October 18, 2010
Bike Riders in New York Win Settlement
By CATE DOTY

The city agreed on Monday to pay nearly $1 million to participants in the monthly Critical Mass bicycle rides who claimed they had been wrongly detained and arrested by police officers.

The lawsuit, originally filed in 2007, represented the claims of 83 riders who had been arrested or ticketed by police during the rides from September 2004 to January 2006. The awards to the plaintiffs range from $500 for those who were cited for minor infractions, to $35,000 for a plaintiff who was arrested multiple times and was injured because of the arrests, said David B. Rankin, one of the three lawyers who represented the riders. About half the settlement will go toward legal fees.

The settlements, totaling $965,000, do not include the many lawsuits filed by riders who were arrested during the Republican National Convention in 2004.

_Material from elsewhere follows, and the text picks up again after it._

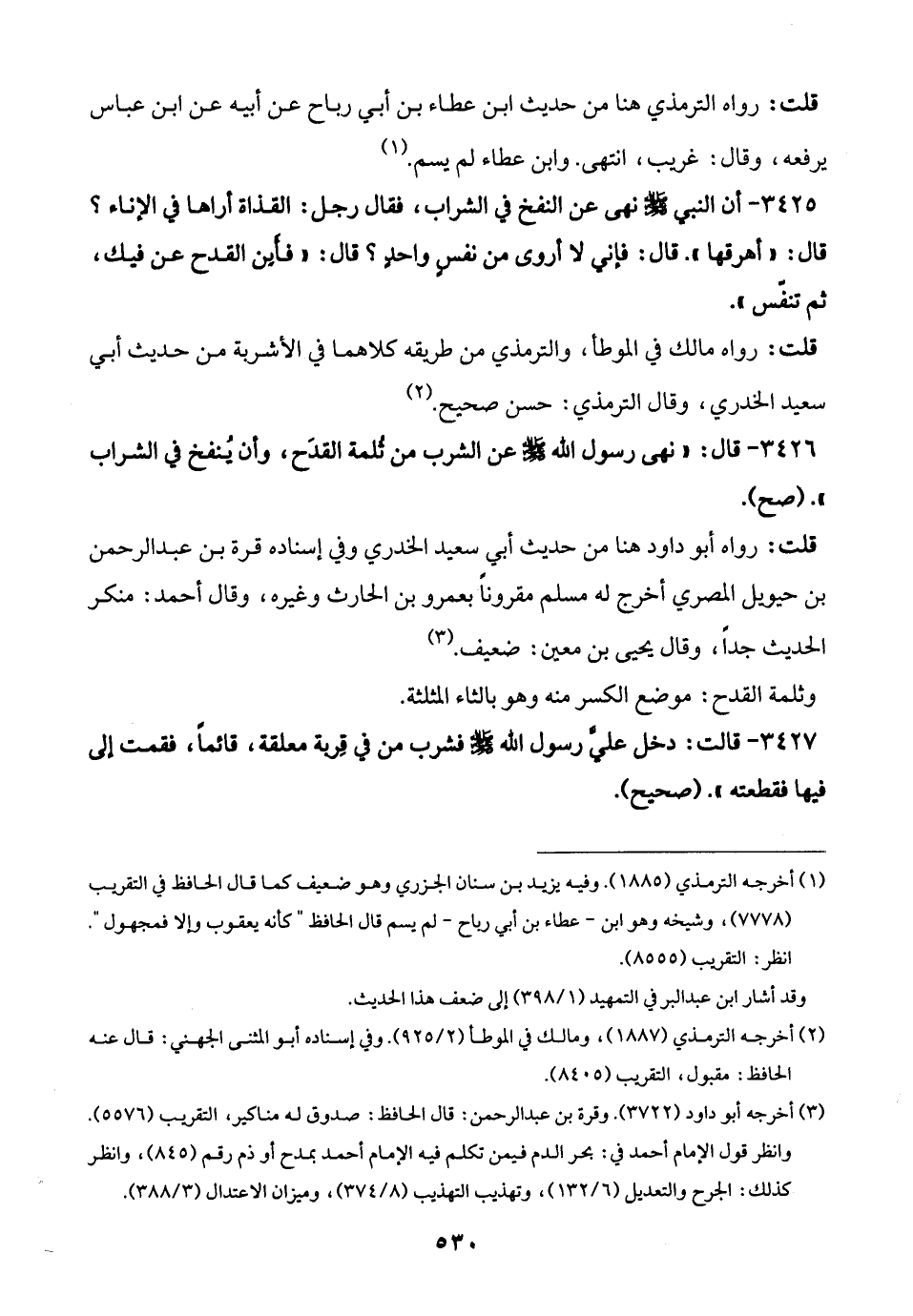3426 - قال: "نهى رسول الله - صلى الله عليه وسلم - عن الشرب من ثُلمة القدَح، وأن يُنفخ في الشراب". (صح).

The Critical Mass riders and the Police Department have a long, antagonistic history. Since 2004, riders have claimed that police officers harass them, take their bicycles and arrest them without reason. The police have said the cyclists violate traffic laws. The department has deployed hundreds of officers, a mobile command unit and a helicopter to monitor the rides, which wend their way through Manhattan on the last Friday of each month.

Mark Zuckerman, a lawyer for the city, said the settlement was “in the best interest of all the parties.”

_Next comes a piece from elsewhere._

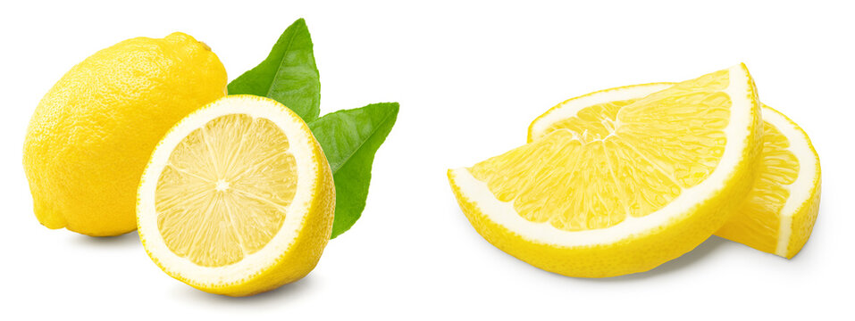 lemon with slice and green leaves isolated on white background. clipping path

Mr. Rankin said he thought the settlement was fair, and that the city’s policies toward the riders had changed. “We hope that the cyclists and the N.Y.P.D. can figure out a way to work together,” he said.

Barbara Ross, a longtime rider who was arrested in 2005 on charges of parading without a permit and disorderly conduct, will receive about $15,000 from the settlement. She said that although the police have changed tactics, Critical Mass participants were still being harassed.

“They’re still wasting taxpayers’ money to show up every month,” Ms. Ross said.

Colin Moynihan contributed reporting.